Starting at the first line of the listing below, repeat each line exactly until you have repeated the one containing "Jak co roku"; skip the pictures.
PROVIDED MATERIAL section start
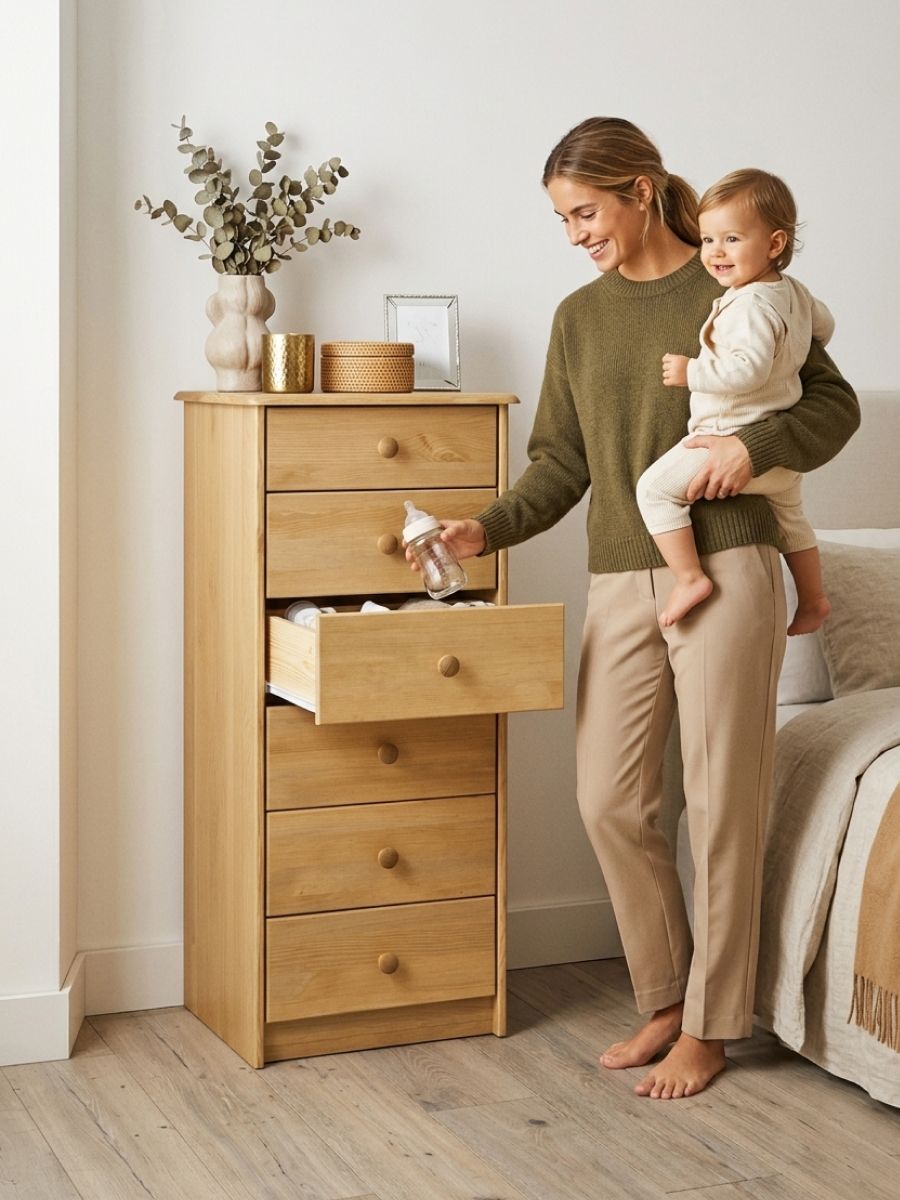 Ширина всего 43 см. Благодаря этому комод узкий встает там, где обычная мебель не помещается: в прихожей, между шкафом и кроватью, в детской или даже в ванной. При этом высота 101,7 см дает полноценную вместительность, а значит, это не временное решение, а продуманный комод в прихожую для обуви и ключей, комод детский для игрушек и первых личных вещей или надежный комод в спальню для повседневной одежды.
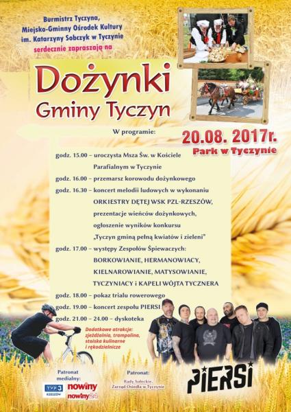 Jak co roku mieszkańcy Gminy Tyczyn dziękowali  Bogu za tegoroczne plony podczas tradycyjnych Dożynek Gminnych. Uroczystości rozpoczęła msza święta w Kościele p.w. Św. Katarzyny i Trójcy Przenajświętszej w Tyczynie.
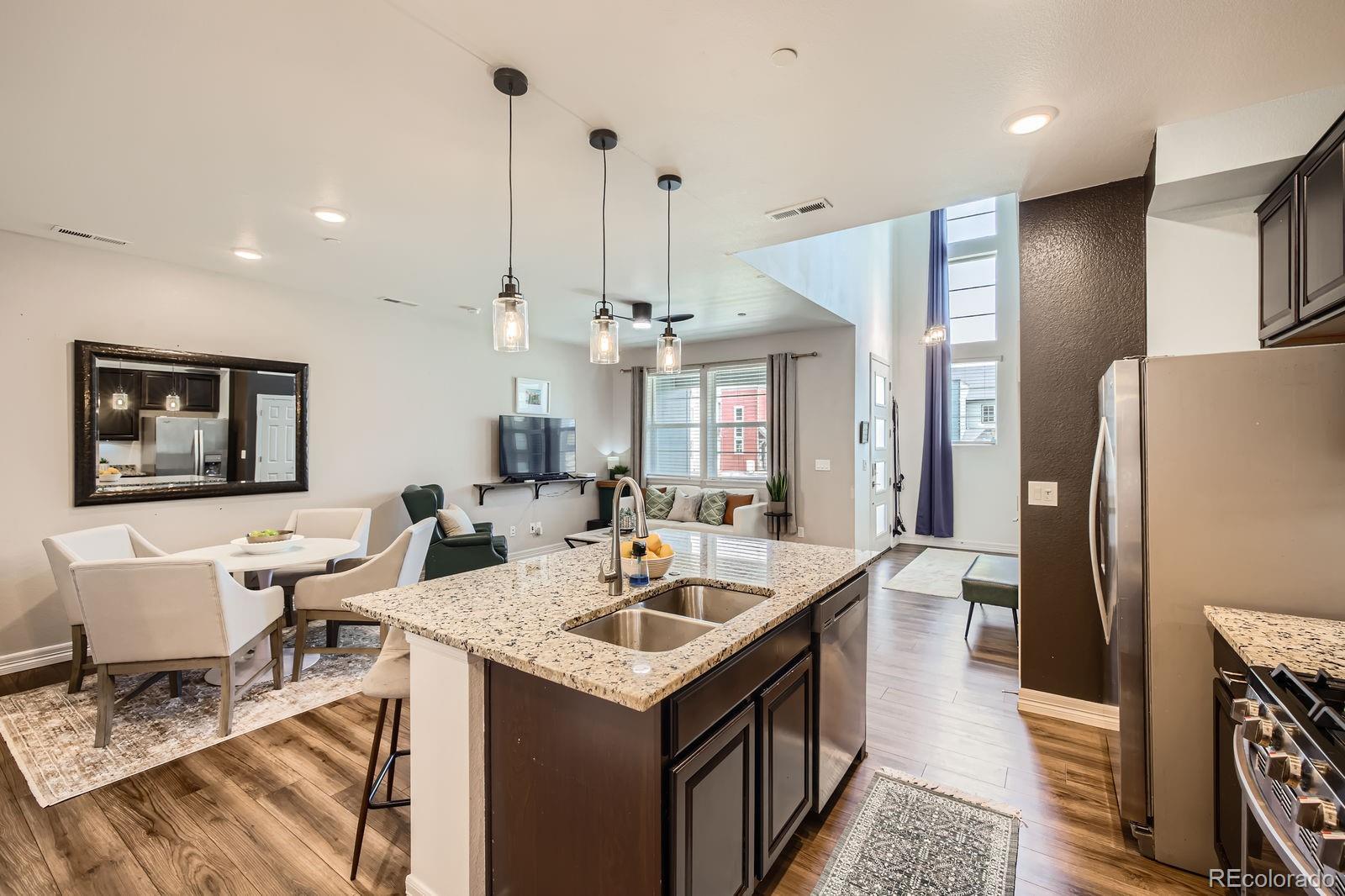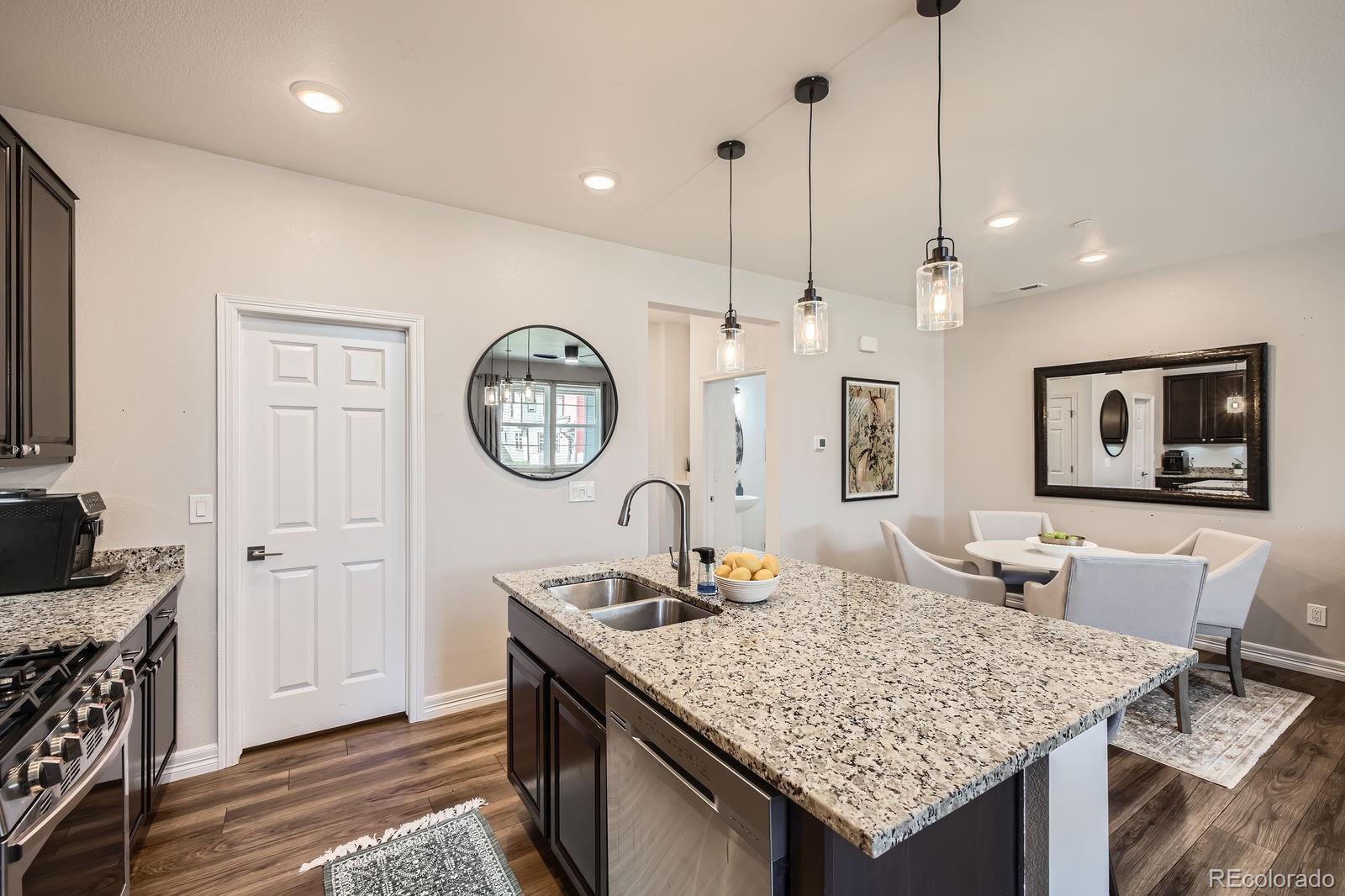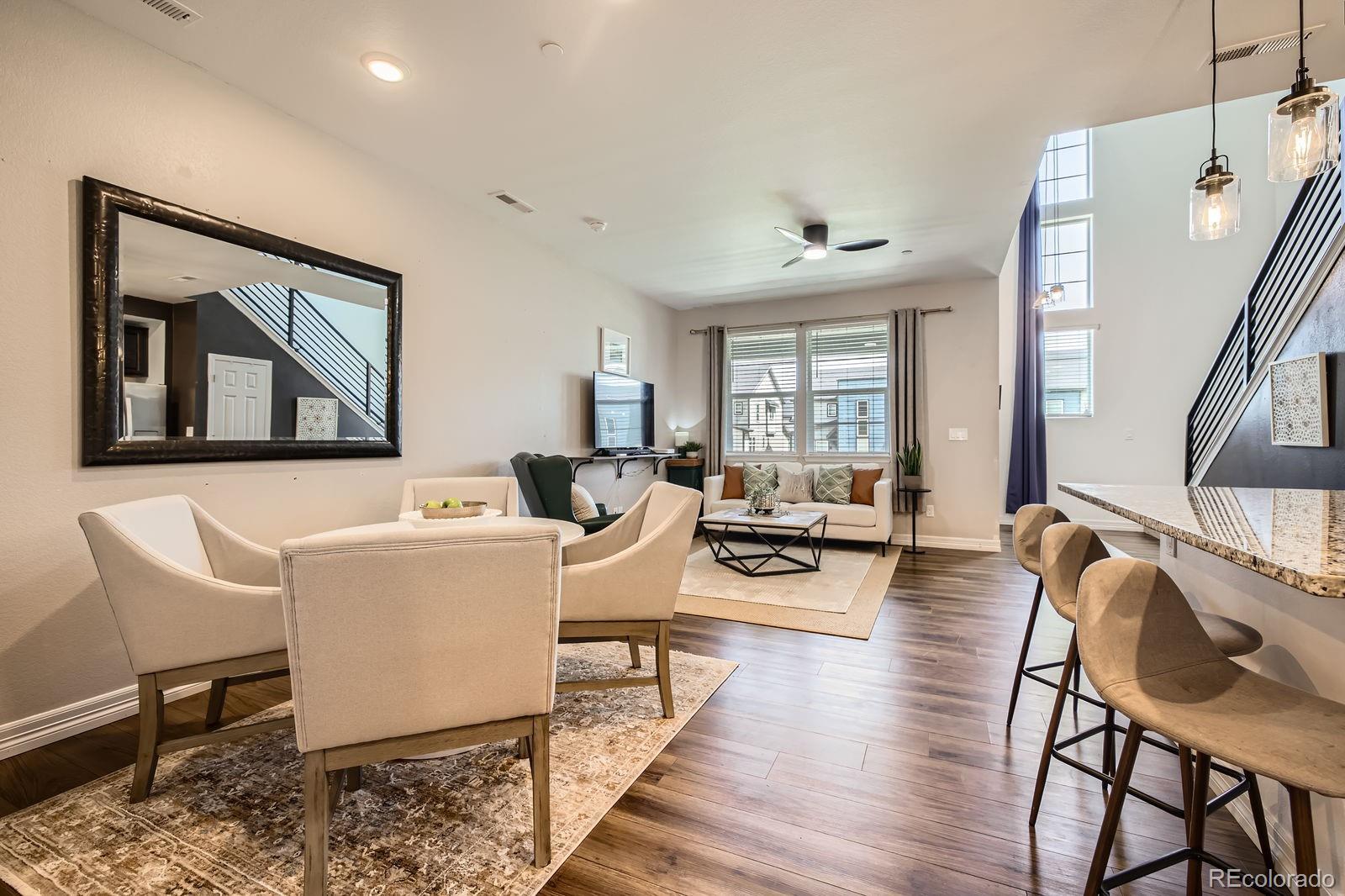 Gorgeous and turnkey 2-bedroom, 2.5-bath modern townhome masterfully blends stylish finishes, thoughtful upgrades, and an inviting sense of community on the edge of a park! From the moment you arrive, you'll appreciate the friendly, welcoming neighborhood and the huge green space just outside your front door. Enjoy your morning coffee under the covered patio or watch the sunset over Pikes Peak from the rear of the property or in the park! This home invites you to savor outdoor living year-round. Inside, the open-concept layout showcases a sleek kitchen with a spacious granite island, new low-maintenance flooring throughout the main areas, and contemporary stainless steel appliances including a dishwasher. The living area offers more upgrades with dimming light switches to set the perfect ambiance, central heating and air conditioning, brand-new carpet on the staircase and a modern metal stair railing, tall ceilings, abundant natural light, bright paint, cordless blinds, huge pantry, oversized garage and more! Retreat upstairs to find two spacious bedrooms with new LVP!!! Primary suite includes a large walk-in closet and zero gravity blinds for a clean look and effortless light control. A new washer and dryer adds to the home’s convenience. Property also features smart upgrades and efficiency along with very low HOA dues, extra insulation between units for enhanced soundproofing and energy savings, a finished garage complete with a water spout and outlets, and a very large and tall crawl space offering plenty of additional storage. Fiber internet is available, making this home ideal for remote work or streaming entertainment. Ideal location—200 feet from a movie theater with quick access to I-25 for an easy commute to Denver or downtown Springs, close to military bases and surrounded by a vibrant community with access to a brand-new amphitheater, Topgolf, indoor skydiving, go-karts, and more. Don’t miss the opportunity to make this exceptional property your new home!
PROVIDED MATERIAL section end
• **ANSWER TO THIS EXERCISE**
 Ширина всего 43 см. Благодаря этому комод узкий встает там, где обычная мебель не помещается: в прихожей, между шкафом и кроватью, в детской или даже в ванной. При этом высота 101,7 см дает полноценную вместительность, а значит, это не временное решение, а продуманный комод в прихожую для обуви и ключей, комод детский для игрушек и первых личных вещей или надежный комод в спальню для повседневной одежды.
 Jak co roku mieszkańcy Gminy Tyczyn dziękowali  Bogu za tegoroczne plony podczas tradycyjnych Dożynek Gminnych. Uroczystości rozpoczęła msza święta w Kościele p.w. Św. Katarzyny i Trójcy Przenajświętszej w Tyczynie.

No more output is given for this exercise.